▸ DATA:
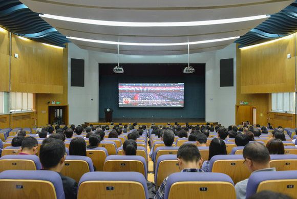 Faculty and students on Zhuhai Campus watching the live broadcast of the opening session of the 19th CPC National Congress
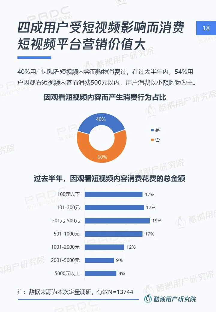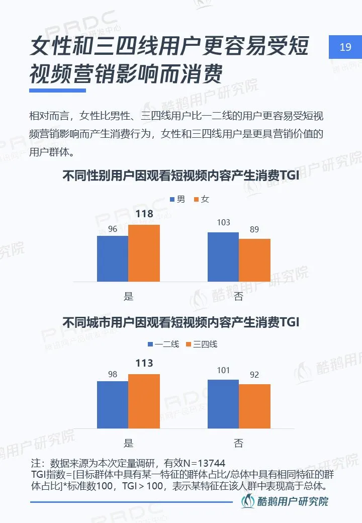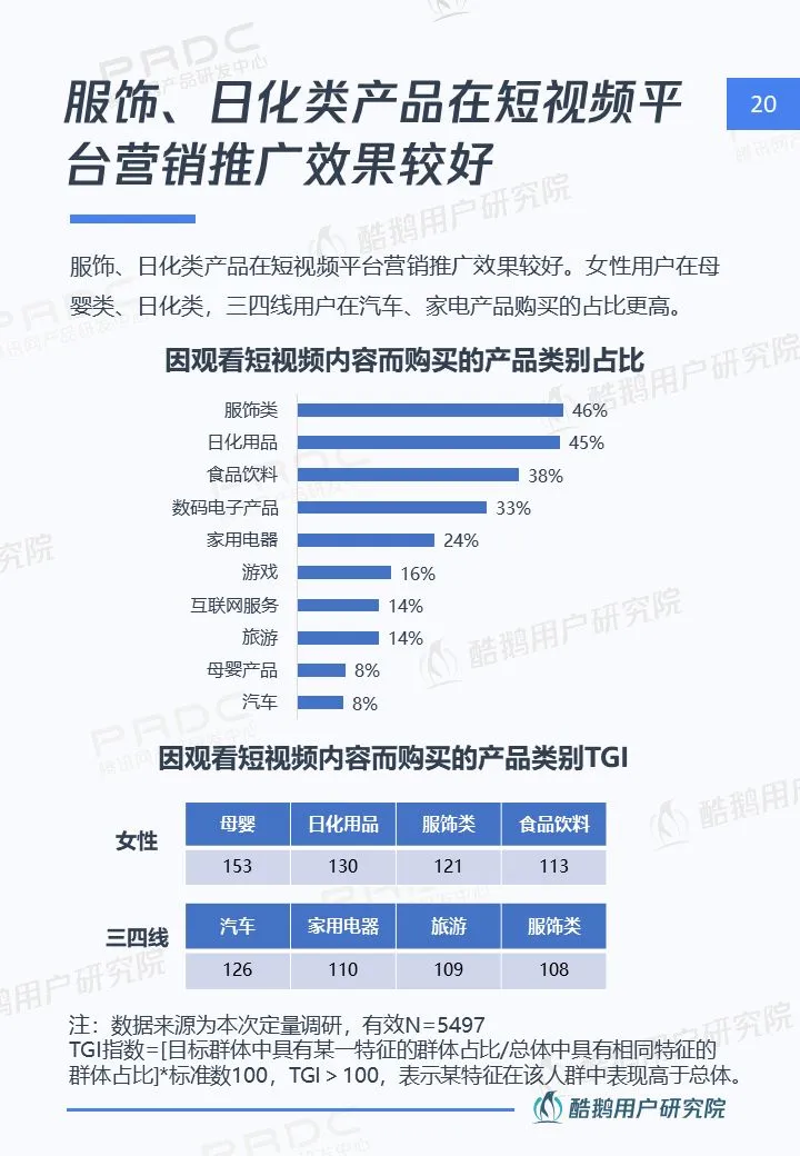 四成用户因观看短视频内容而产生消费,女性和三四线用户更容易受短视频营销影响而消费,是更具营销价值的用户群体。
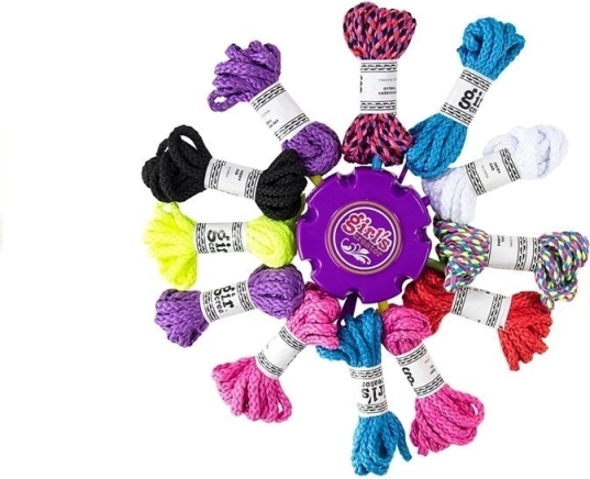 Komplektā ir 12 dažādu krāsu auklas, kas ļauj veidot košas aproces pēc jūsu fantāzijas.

▸ WHAT NEEDS TO BE DONE: With the pictures removed, repeat the listing above exactly as it stands.

▸ EXPECTED OUTPUT:
 Faculty and students on Zhuhai Campus watching the live broadcast of the opening session of the 19th CPC National Congress
 四成用户因观看短视频内容而产生消费,女性和三四线用户更容易受短视频营销影响而消费,是更具营销价值的用户群体。
 Komplektā ir 12 dažādu krāsu auklas, kas ļauj veidot košas aproces pēc jūsu fantāzijas.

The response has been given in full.